» **WHAT IS EXPECTED**
Can you set down, exactly as they appear below, the lines from the opening of the material through the one bearing "Palavras para viver.", minus the pictures?

Segment Start: DATA RECORDS

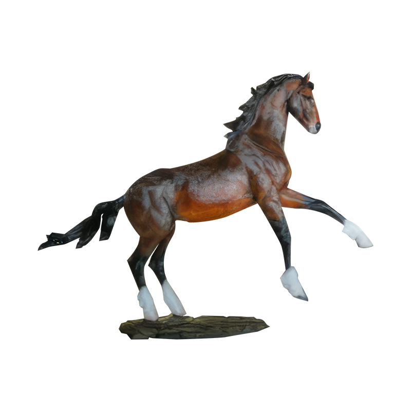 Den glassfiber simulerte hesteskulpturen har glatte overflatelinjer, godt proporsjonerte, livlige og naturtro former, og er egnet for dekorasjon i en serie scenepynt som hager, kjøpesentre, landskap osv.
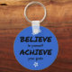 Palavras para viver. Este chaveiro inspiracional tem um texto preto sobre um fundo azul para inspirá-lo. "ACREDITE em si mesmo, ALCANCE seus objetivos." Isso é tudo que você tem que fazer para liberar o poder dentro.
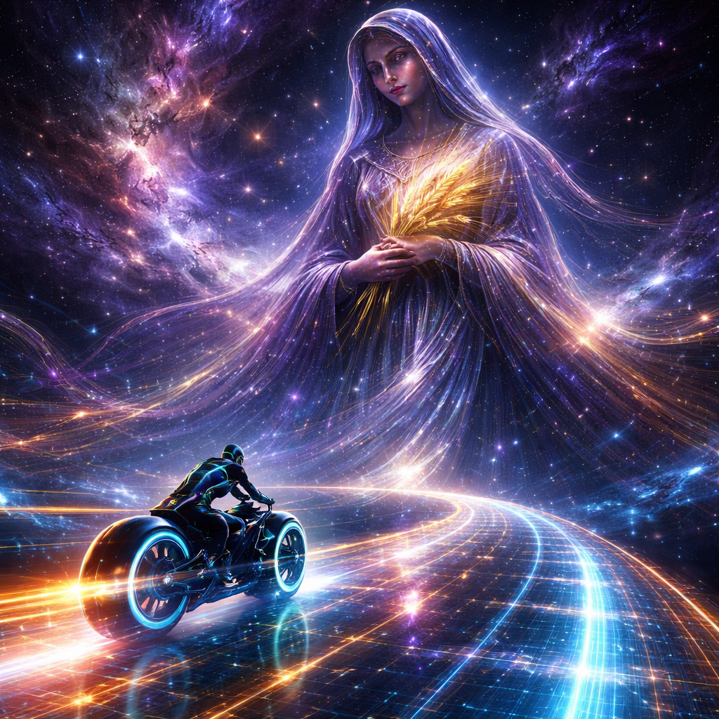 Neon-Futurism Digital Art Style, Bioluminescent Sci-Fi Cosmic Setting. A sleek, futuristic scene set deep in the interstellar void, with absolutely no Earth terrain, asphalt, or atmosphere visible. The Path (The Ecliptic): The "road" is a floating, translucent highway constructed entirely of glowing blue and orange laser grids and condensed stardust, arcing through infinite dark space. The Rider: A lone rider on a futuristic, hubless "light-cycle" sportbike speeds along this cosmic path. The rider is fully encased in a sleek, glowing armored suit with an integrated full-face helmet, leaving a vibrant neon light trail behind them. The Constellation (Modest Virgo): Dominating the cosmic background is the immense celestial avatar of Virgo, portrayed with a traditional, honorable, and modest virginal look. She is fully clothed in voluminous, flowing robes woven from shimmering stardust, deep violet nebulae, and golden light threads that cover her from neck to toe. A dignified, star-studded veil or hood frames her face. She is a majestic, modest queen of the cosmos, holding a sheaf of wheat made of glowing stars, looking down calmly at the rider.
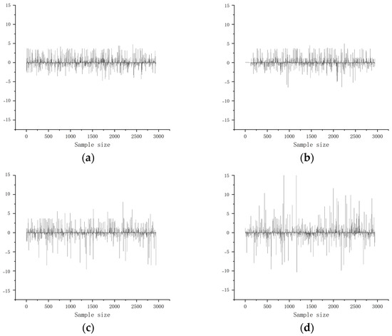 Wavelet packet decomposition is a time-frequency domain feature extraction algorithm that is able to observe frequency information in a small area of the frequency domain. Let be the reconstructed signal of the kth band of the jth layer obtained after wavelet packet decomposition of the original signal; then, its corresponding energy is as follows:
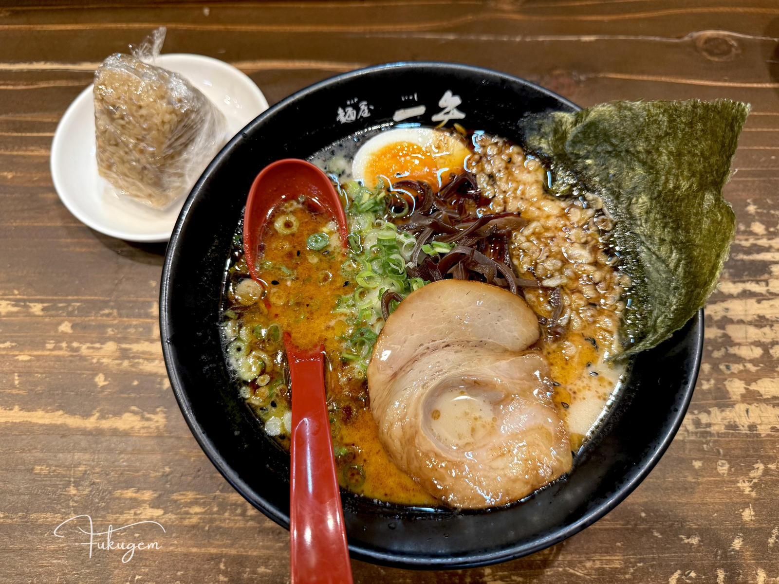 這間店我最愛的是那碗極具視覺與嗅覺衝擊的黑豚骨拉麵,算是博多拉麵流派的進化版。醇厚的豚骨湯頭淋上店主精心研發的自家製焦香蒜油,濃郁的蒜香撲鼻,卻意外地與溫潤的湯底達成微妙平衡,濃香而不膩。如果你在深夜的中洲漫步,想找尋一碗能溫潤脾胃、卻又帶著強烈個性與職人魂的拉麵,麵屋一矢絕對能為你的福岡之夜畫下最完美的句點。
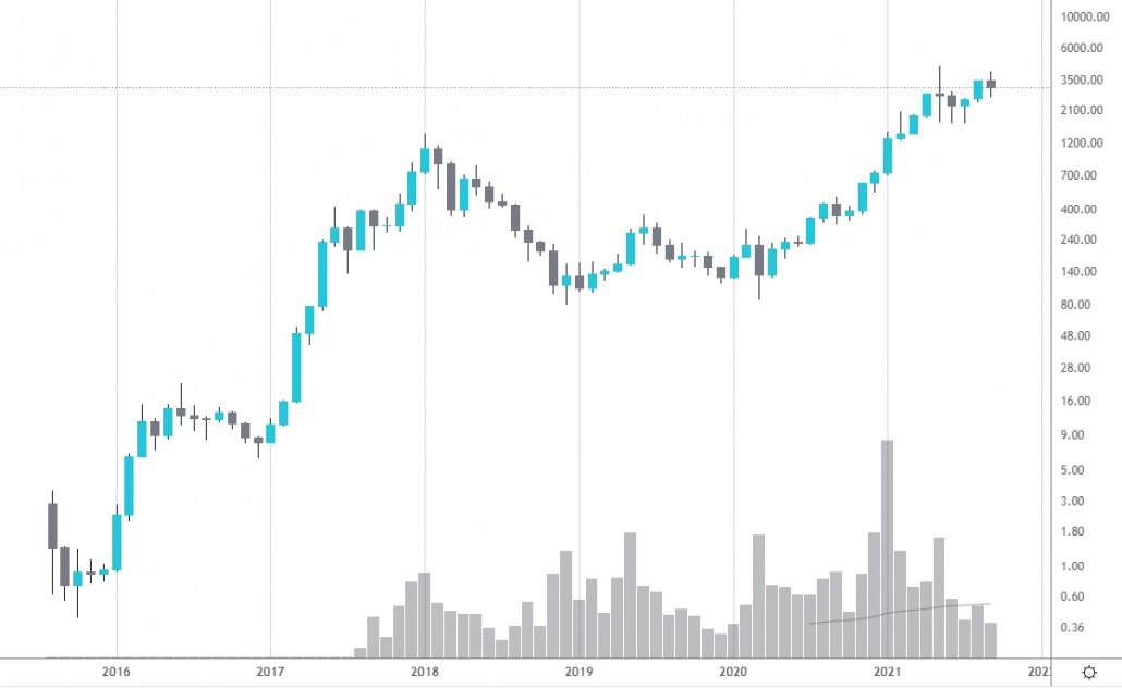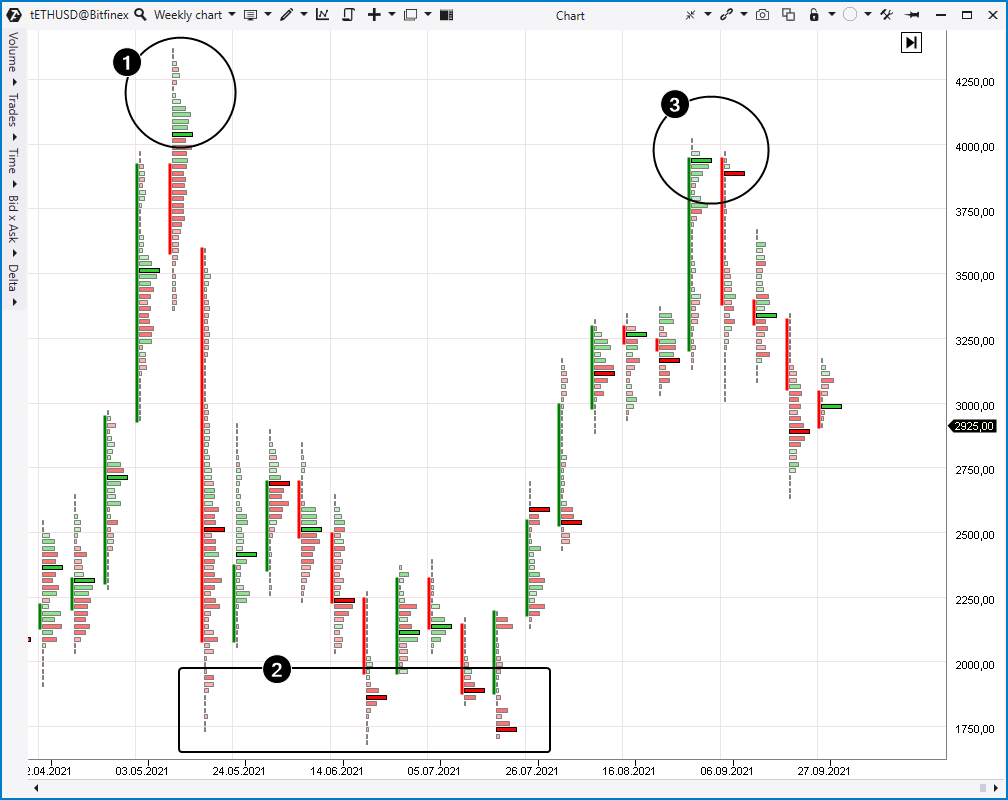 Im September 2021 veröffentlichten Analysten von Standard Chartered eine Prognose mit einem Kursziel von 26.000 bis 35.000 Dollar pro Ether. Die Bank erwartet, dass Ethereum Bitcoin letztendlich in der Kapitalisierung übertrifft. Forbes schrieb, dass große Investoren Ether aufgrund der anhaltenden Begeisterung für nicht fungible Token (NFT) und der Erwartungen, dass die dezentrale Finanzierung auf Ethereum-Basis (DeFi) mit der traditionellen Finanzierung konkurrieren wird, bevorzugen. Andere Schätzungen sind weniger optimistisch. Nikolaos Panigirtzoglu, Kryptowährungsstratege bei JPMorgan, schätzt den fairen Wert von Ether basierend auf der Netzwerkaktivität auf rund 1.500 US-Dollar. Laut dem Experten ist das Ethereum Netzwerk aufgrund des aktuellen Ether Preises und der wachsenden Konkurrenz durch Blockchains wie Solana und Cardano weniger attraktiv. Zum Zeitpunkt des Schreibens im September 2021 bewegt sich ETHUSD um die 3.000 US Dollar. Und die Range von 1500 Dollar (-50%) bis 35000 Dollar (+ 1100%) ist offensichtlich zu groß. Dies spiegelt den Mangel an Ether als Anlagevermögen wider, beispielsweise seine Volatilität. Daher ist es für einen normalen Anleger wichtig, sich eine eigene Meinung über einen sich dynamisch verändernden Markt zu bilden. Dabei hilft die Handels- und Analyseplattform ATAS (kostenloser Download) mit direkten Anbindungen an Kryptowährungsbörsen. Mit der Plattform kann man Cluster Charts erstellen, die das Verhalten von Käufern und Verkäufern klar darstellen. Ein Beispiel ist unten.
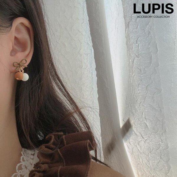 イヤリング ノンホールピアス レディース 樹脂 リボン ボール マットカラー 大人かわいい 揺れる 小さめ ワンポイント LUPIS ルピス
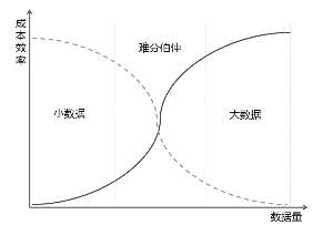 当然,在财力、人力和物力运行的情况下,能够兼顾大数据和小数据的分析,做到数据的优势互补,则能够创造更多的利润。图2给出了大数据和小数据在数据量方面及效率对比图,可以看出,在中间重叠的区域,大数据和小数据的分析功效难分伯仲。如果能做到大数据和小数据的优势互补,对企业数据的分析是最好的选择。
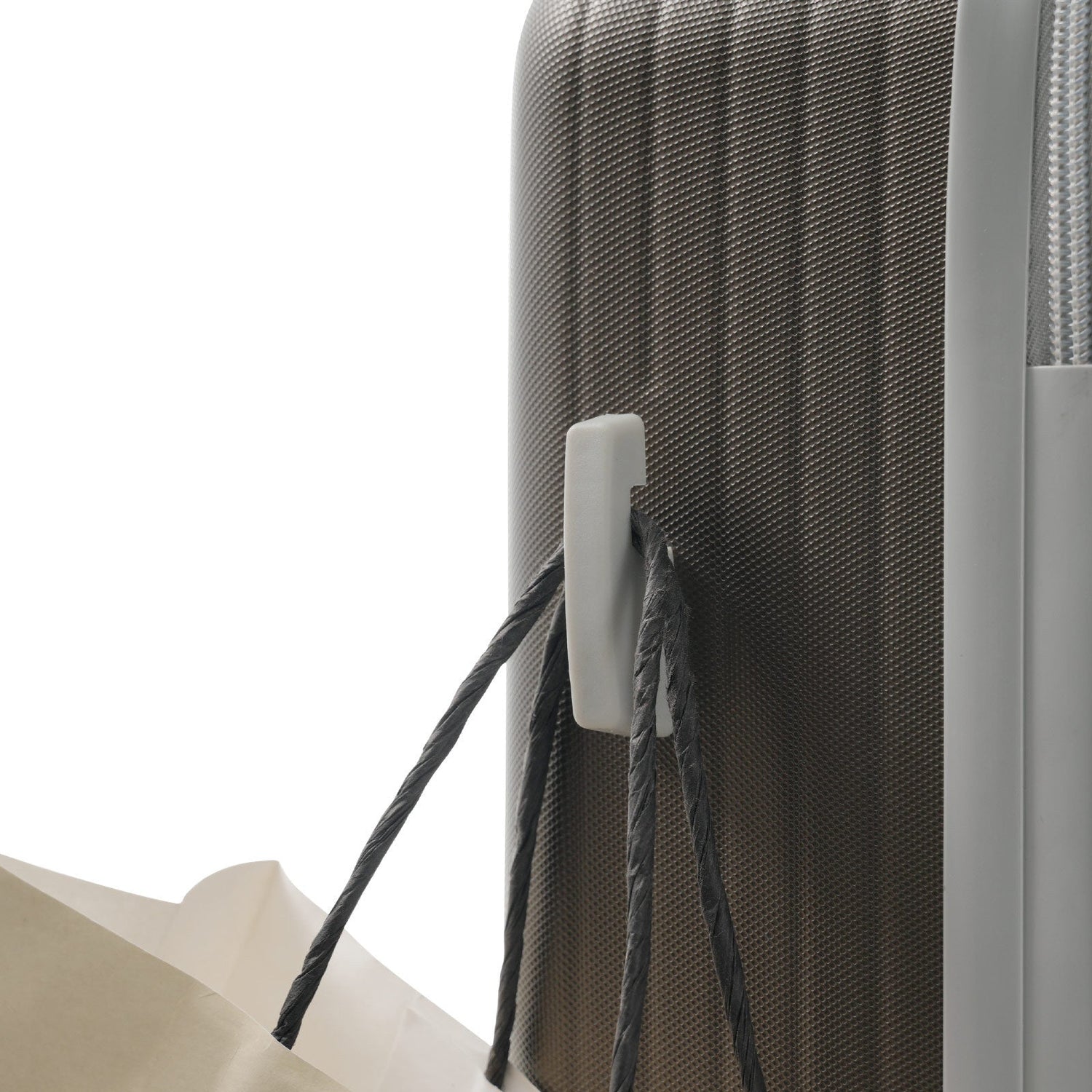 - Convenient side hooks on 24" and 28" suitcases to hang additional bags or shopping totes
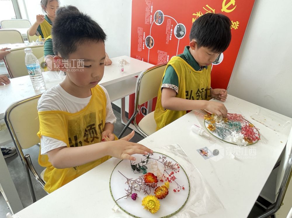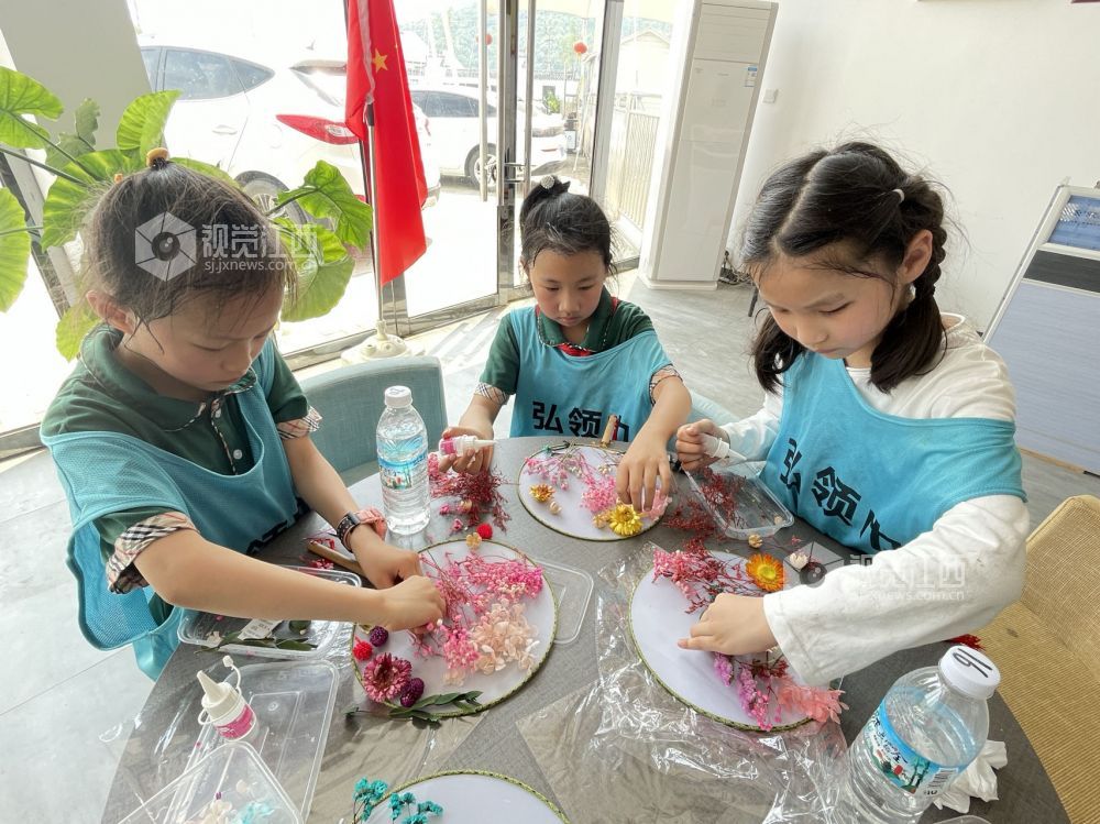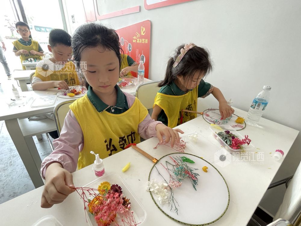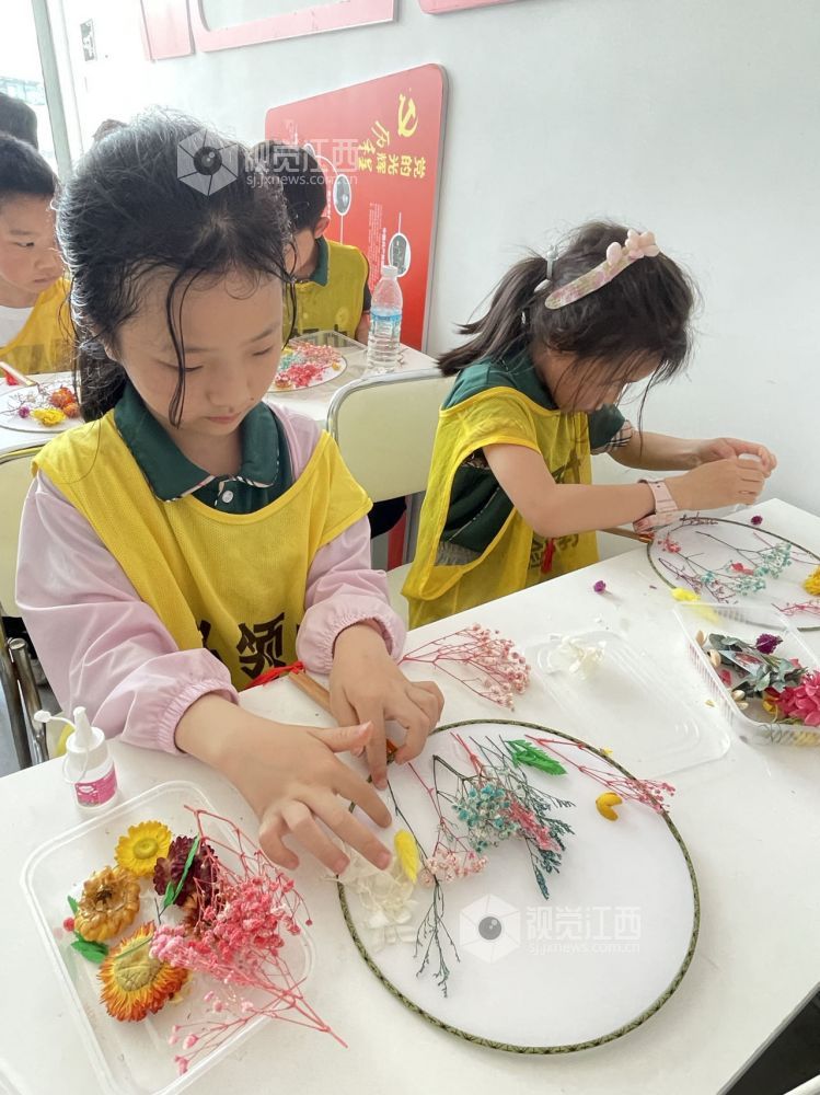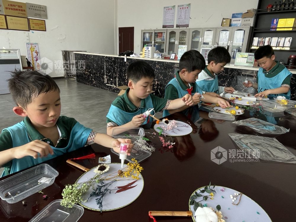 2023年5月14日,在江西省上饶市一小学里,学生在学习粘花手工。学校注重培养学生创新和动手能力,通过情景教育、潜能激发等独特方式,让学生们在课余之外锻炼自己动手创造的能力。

Segment End: DATA RECORDS

» **YOUR RESPONSE**
 Den glassfiber simulerte hesteskulpturen har glatte overflatelinjer, godt proporsjonerte, livlige og naturtro former, og er egnet for dekorasjon i en serie scenepynt som hager, kjøpesentre, landskap osv.
 Palavras para viver. Este chaveiro inspiracional tem um texto preto sobre um fundo azul para inspirá-lo. "ACREDITE em si mesmo, ALCANCE seus objetivos." Isso é tudo que você tem que fazer para liberar o poder dentro.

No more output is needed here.